Back when pundits were tripping over themselves to call 2010 an “anti-incumbent” year or an “anti-Establishment” year, conveniently eliding the distinction as it served their purposes, I wrote:

I would be very surprised if any “anti-incumbent fervor” put much dent in the extraordinarily high rates at which incumbents are reelected.

And then I forecast that among House incumbents running for the general election, 87% would win. Commenter treetop noted last week that my prediction was good. Our data suggest at this moment that 86% of House incumbents won their general election bids. Here’s a graph with data from 1972-2010.


Clearly, incumbents did a little worse in 2010 relative to other years, although 1974 is similar (89%). So I wouldn’t be surprised if some breathless commentator is already declaring that OMG THIS WAS THE MOST ANTI-INCUMBENT ELECTION IN ALMOST 40 YEARS.

Me, I’m still pretty impressed by 87%.

But perhaps incumbents won by slimmer margins? Not really. The median percent of the two-party vote won by incumbents was very much in line with the historical average since 1972: 65% in 2010, compared to 68% overall.

And here’s another interesting thing. You might think that lots of incumbents decided not to run or lost their primary races in 2010. I calculated the percent of races with no incumbent running in the general election and it was an astonishing…10%. Which was really no different than most recent elections. Here again is a graph:


There might be other ways you could prove that incumbents had a harder time in 2010. As Brendan Nyhan has shown, Democratic incumbents in competitive districts were more likely to face quality challengers. But that suggests how the climate in 2010 was disadvantageous to Democrats, not to incumbents as a whole.

What is the bottom line? Don’t read too much into a few isolated early primaries (see: Robert Bennett) or into polls where vast majorities of Americans disapprove of Congress or even indicate their willingness to vote for the challenger.

Incumbents still dominate congressional elections.


John November 11, 2010 at 2:18 am

I imagine the status quo also prevailed when it came to the classic question of “Congress in general” vs. “My Congressman.” At the polling firm where I work 2010 was definitely a terrible year for everyone else’s Congressman, but a pretty mundane for my Congresman.

Brendan Moore November 11, 2010 at 4:12 am

“So I wouldn’t be surprised if some breathless commentator is already declaring that OMG THIS WAS THE MOST ANTI-INCUMBENT ELECTION IN ALMOST 40 YEARS.”

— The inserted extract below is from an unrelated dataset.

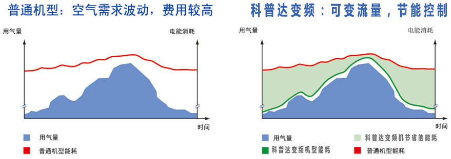 科普達技術領先的科普達變頻空氣壓縮機 可以精確地滿足用戶的空氣需求。當用戶的用氣量降低時,轉速調低,排氣量相應減小,同時能耗也按比例下降。通過先進的變頻技術,大大減少了空壓機的卸載,使能耗大大下降。
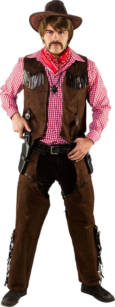 Denne cowgirl/cowboy-vest i ruskindslook er et komplet tøjtilbehør til kostume- eller temaformål. Fremstillet af 100% polyester.

I actually did just see this in an article, though I can’t for the life of me remember where.

Jon November 11, 2010 at 8:44 am

Is this data coded to take into account that there were more than a few seats that were rematches from 2010 in the House? For example, my district is Ohio 1, and though Steve Driehaus was my member, so was Steve Chabot until Driehaus unseated him in 08. Do we count Driehaus as the incumbent or Chabot? It’d be hard to tell. Though it does fit with the quality challenger characterization.